The Robin Hood origins story allowed Crowe and Scott -- both co-producers -- to craft a Maid Marion that was much more than window dressing for Robin and his Merry Men. In Robin Hood 2010, Marion wields a sword and shoots a bow and arrow as fiercely as any of Robin's crew.
It hit Crowe that Blanchett was his Marion when the two were being honored in Australia with postage stamps. "Her demeanor, everything about her…I was kicking myself. Why hadn't I thought of it before? Cate is a magnificent actress. She has resilience and a resonance. She's tough, strong and single-minded. Every decision she makes is about truth. She has complete control over her emotional responses, so she can make the smallest gesture a gigantic statement," Crowe said.
Scott, of all things, found Blanchett's jovial nature her highest quality on set. "What I love about her is her sense of humor," the director said. Her role is tough, but also allows for Blanchett to add an air of levity to the action brewing on the screen. Scott welcomed the opportunity to have Blanchett's acting brilliance shine a light on his new view of the Robin Hood legend.
SheKnows: Did you have any apprehensions or nerves working with Russell Crowe and Ridley Scott, considering their long relationship?
Cate Blanchett: Because Russell and Ridley have such a long history together of making films that go straight to the heart of the matter, it was actually a very exciting combination for me.
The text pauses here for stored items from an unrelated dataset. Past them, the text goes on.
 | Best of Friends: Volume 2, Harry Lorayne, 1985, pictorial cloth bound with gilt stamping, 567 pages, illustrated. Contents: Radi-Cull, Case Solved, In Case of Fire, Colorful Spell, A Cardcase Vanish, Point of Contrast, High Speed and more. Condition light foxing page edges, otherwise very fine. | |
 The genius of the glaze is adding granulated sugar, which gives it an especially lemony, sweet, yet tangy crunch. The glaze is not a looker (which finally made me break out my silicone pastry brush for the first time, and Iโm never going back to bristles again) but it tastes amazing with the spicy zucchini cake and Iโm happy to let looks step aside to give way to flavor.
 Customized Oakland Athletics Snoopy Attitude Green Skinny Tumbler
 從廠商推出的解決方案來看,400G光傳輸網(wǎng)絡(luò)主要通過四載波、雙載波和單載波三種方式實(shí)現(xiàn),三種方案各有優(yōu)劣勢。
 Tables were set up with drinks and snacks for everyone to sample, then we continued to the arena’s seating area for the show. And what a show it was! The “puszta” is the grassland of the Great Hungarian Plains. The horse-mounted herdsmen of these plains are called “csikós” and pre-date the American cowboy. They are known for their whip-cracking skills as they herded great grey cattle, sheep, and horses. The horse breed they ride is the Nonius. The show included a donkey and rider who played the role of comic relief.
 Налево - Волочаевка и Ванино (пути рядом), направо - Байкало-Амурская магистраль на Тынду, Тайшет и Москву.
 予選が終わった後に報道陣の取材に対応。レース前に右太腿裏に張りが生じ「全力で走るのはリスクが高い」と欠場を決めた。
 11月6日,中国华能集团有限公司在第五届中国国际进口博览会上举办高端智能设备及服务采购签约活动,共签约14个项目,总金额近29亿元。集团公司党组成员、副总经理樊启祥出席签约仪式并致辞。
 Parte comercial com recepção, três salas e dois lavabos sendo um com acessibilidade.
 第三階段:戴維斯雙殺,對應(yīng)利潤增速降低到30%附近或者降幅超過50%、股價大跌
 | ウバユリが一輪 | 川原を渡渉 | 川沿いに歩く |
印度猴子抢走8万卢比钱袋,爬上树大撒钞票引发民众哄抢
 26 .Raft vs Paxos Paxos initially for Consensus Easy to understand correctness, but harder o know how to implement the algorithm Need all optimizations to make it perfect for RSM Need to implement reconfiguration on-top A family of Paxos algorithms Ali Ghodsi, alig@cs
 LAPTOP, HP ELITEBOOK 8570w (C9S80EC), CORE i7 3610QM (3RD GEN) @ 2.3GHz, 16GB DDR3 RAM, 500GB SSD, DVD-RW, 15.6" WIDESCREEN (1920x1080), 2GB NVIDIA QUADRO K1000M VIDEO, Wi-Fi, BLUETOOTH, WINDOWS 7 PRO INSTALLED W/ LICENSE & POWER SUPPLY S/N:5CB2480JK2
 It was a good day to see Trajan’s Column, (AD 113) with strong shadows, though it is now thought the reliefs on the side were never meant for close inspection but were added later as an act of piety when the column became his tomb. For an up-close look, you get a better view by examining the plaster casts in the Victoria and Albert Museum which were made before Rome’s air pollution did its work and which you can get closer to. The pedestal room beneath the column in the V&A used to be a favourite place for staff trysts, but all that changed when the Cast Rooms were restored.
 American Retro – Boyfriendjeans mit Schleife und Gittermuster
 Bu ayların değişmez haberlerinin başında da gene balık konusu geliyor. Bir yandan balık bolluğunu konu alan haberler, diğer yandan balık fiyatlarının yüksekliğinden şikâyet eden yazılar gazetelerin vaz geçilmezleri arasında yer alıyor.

SheKnows: Was the first day on the set a little nerve-racking?
Cate Blanchett: Actually, my first day on set I found it breathtaking. I felt like one of those little people in Gulliver's Travels -- I had suddenly woken up and found myself in completely another world.
SheKnows: The incredible attention to detail…
Cate Blanchett: Like the working water wheel at the chapel! It really makes my job very easy.
SheKnows: In this Robin Hood, the Marion and Robin relationship is truly given a spotlight. What do you think it was about Robin that finally won over Marion's heart?
Cate Blanchett: There's kind of a game-playing that goes on between Robin and Marion, that I hope is quite enjoyable for the audience to watch. There's a buoyancy that exists between them. Ultimately, she really sets these series of tests that Robin continually passes. Finally, when he, without any prompting from her, plants the field -- gets the grain and plants the field -- something that has obviously been playing on her mind, I think she's astonished by the act of generosity, that selflessness. That turns the corner for her.
SheKnows: I read you did your own stunts. Was that your idea?
Cate Blanchett: Ridley asked if I was game for it (laughs). If someone asks if you're game for something, of course you're not going to say you're not! I wouldn't say I'm a master horsewoman, but I do like riding a horse. They're film horses (laughs), so they're pretty well trained. But, it is a thrill. There is a sequence where Marian gets all chainmailed up and rides into battle -- it was thrilling. You don't get to do that every day. That's the joy of making a film like this, you get to do these things that are adrenaline based.
SheKnows: So were Russell and his merry men ever too merry and testosterone heavy for you?
Cate Blanchett: Russell's great. And all of his merry men were going all over England to pubs rehearsing (laughs). They're a great bunch of guys and they really bonded. They know one another, they've all worked together. When they all get together and have a song, it's all really, really buoyant. It's by definition merry (laughs).
SheKnows: What do you think is at the heart of what would make Robin Longstride become Robin Hood, hero to the poor and downtrodden?
Cate Blanchett: You've got somebody who is returning to, kind of, an old fashioned type of values, morals, responsibility and loyalty. I think they're quite noble sentiments to have in an age of merchant bankers ripping people off left, right and center. It's quite timely, I think.
SheKnows: What drew you to join the world of Robin Hood and the Crowe and Scott tandem?
Cate Blanchett: There's an enigmatic quality to Robin Hood. What makes him tick? Why does he decide to help people who are downtrodden? Why would someone do that? I think that's something that Russell explores in that man's backstory. Usually the films that I've seen, it's just a given that Robin's the way he is. I think what Russell and Ridley are concocting is what makes Robin Hood tick.